> _INFORMATION SHOWN_
=== Begin Enclosure ===

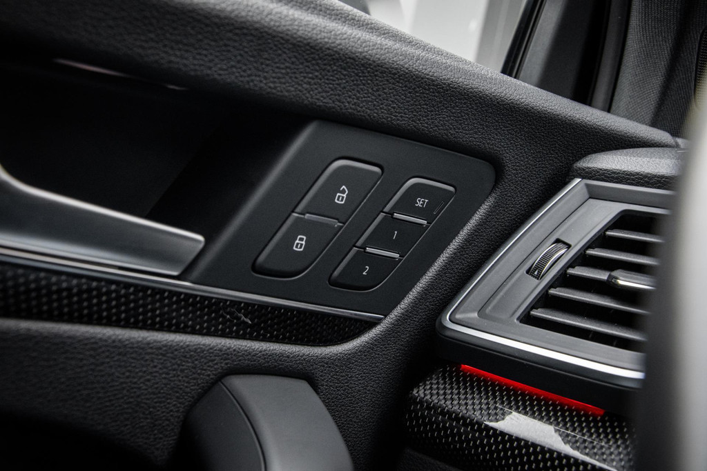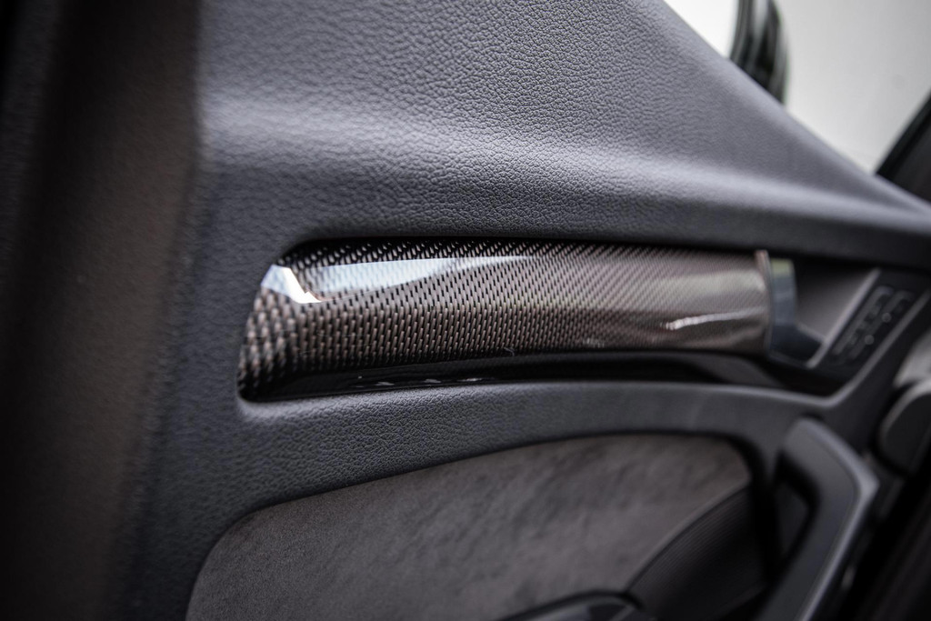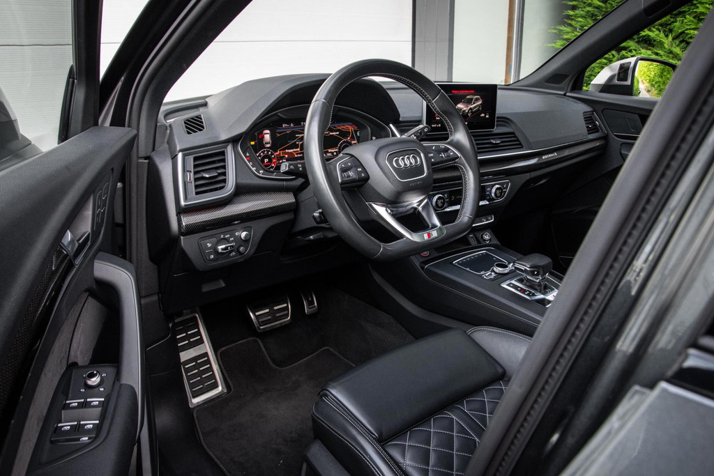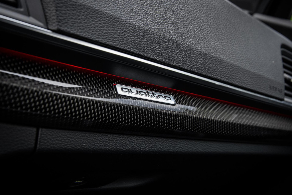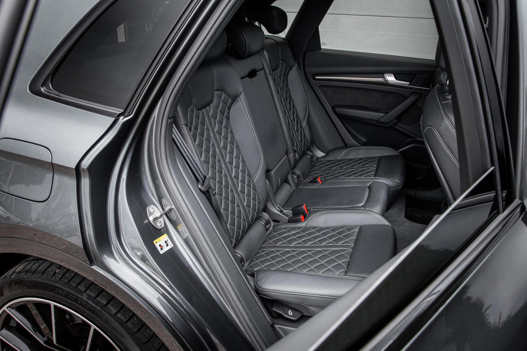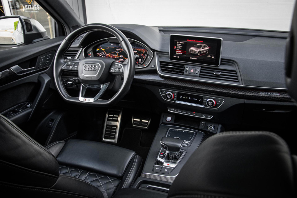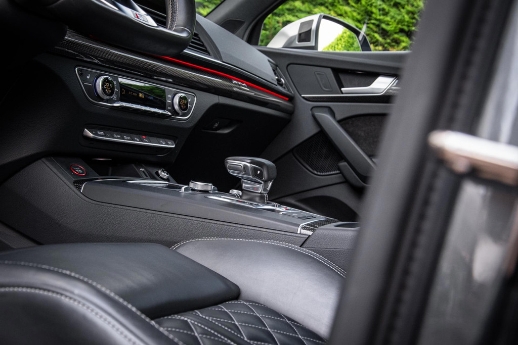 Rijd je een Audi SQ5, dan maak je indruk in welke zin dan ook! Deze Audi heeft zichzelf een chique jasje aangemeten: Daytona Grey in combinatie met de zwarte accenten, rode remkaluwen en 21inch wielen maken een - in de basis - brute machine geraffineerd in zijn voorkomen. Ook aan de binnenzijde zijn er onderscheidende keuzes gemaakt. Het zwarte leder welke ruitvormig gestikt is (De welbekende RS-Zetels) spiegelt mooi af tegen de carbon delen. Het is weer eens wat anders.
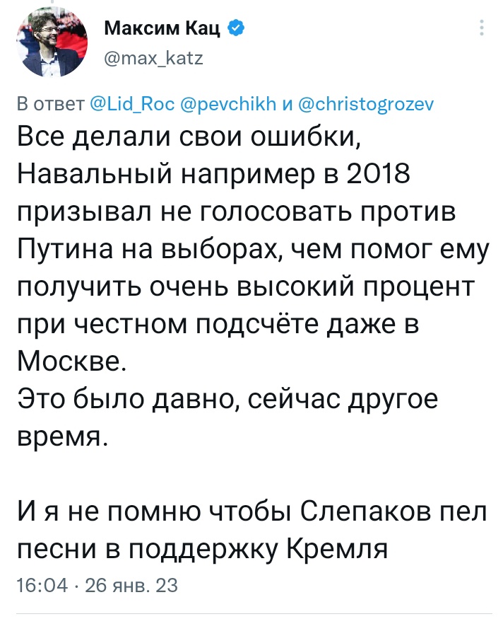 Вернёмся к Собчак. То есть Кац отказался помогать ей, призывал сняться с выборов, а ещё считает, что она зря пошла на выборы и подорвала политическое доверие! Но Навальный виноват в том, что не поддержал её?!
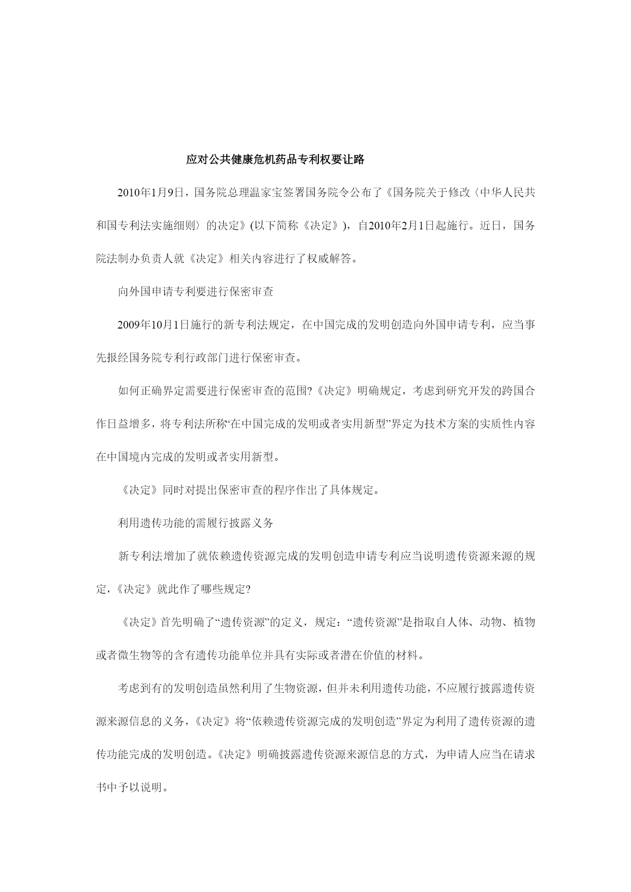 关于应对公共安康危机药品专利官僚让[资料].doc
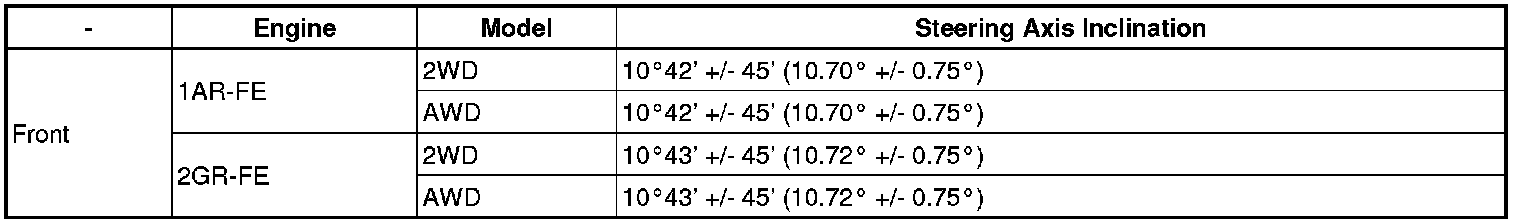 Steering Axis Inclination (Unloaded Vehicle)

=== End Enclosure ===

> _TASK BRIEF_
Output the whole listing without change. Any picture is to be left out.

> _RESULT OF THIS TASK_
 Rijd je een Audi SQ5, dan maak je indruk in welke zin dan ook! Deze Audi heeft zichzelf een chique jasje aangemeten: Daytona Grey in combinatie met de zwarte accenten, rode remkaluwen en 21inch wielen maken een - in de basis - brute machine geraffineerd in zijn voorkomen. Ook aan de binnenzijde zijn er onderscheidende keuzes gemaakt. Het zwarte leder welke ruitvormig gestikt is (De welbekende RS-Zetels) spiegelt mooi af tegen de carbon delen. Het is weer eens wat anders.
 Вернёмся к Собчак. То есть Кац отказался помогать ей, призывал сняться с выборов, а ещё считает, что она зря пошла на выборы и подорвала политическое доверие! Но Навальный виноват в том, что не поддержал её?!
 关于应对公共安康危机药品专利官僚让[资料].doc
 Steering Axis Inclination (Unloaded Vehicle)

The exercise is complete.